Как обычно, в семь, в спальню к Андрюше зашла гувернантка, подняла его и помогла одеться. Он спустился по дубовой лестнице вниз, прошагал по столовой и, сев за стол, приготовился завтракать, только немного удивившись отсутствию родителей. Отец своим широким и громким шагом вошел в столовую со стороны гостиной. Он был в расстегнутой шубе и с шарфом в правой руке.
— Здравствуй, — сказал он и положил руку на голову Андрею. — Твоя мама плохо себя чувствует, так что несколько дней она будет в больнице. Ты ее увидишь, завтра. Она шлет тебе привет.

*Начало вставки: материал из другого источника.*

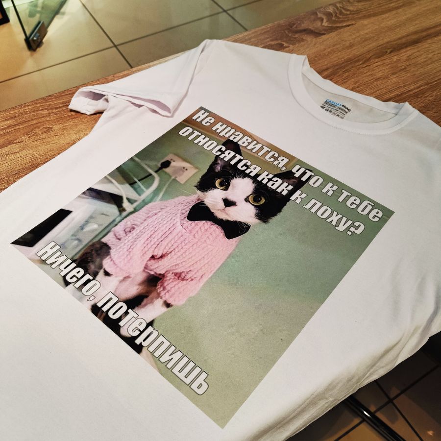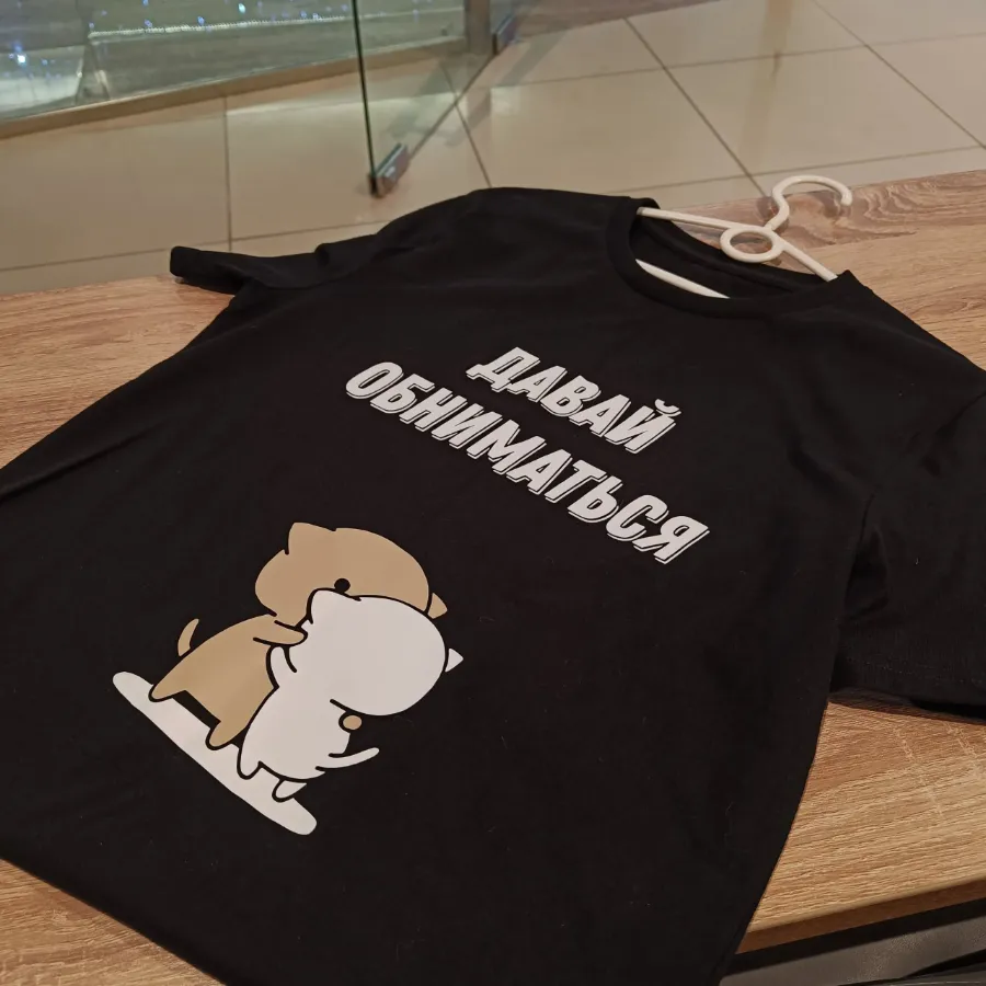 Для термотрансферной печати предоставляем футболки любого оттенка под заказ с составом 100% хлопок и плотностью 180 г/м2.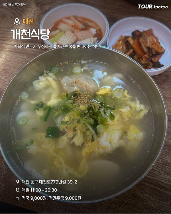 대전에 위치한 개천식당은 이북식 만두로 푸짐한 떡국을 선보입니다.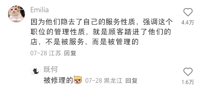由此可见,大众讨厌的并不是主张个性的主理人,而是那些忘记服务本质的从业者。小众创新固然可贵,但如果随之而来的是“爹味”管理和规训,那就没有消费者愿意陪玩这场“主理人游戏”。毕竟没人想从公司下班,再倒贴去主理人店铺“上班”。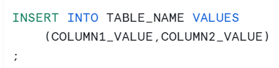 Let's now insert some data into the new table! This can be done using the syntax:
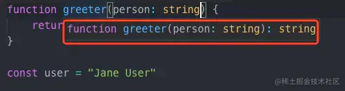 此时我们可以看到,greeter函数自动加上了返回值类型,这是 TypeScript 自带的类型推导。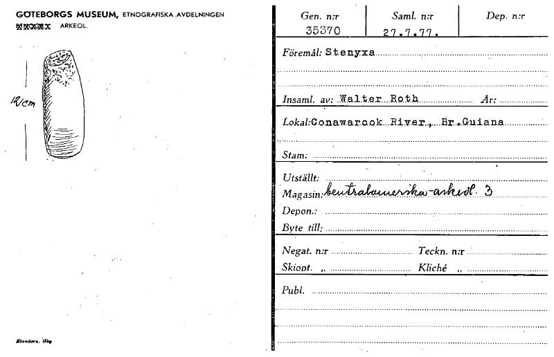 • GOTEBORGS MUSEUM, ETNOGRAFISKA .AVDELNINGEN ntizue.x ARKEOL. Gen. n:r 35370 Sam!. n:r 27.7.77. Dep. n:r Föremål: St enyxa Insaml. av: t År: Lokal:C.onawaraok...River , r...Guiana Stam. Utställt: Mag... Visa hela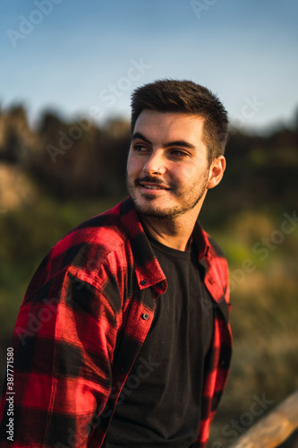 © MiguelAngelJunquera, Obraz premium Chico joven con camisa roja estilo leñador en parque natural cerro del hierro,sevilla

Скоро отец уехал в больницу. Андрюша впервые шел по улицам, знакомым только под ритм колес экипажа. Он почему-то совсем не думал о маме, а скорее удивлялся тому, что теперь долго идет по парку, который так быстро обычно проезжал с кучером Филиппом. И вот дом, с большой лестницей, который оказался еще больше, чем с противоположной стороны мостовой, и знакомый с шести лет поворот — и Андрюша вышел на аллею, ведущую к школе. Вся уставленная экипажами, из которых вяло вылезали дети, аллея скорее напоминала театральную площадь, где перед представлением уже собирались зрители. Было рано и еще темно, но от снега как-то по-другому воспринималось это утро.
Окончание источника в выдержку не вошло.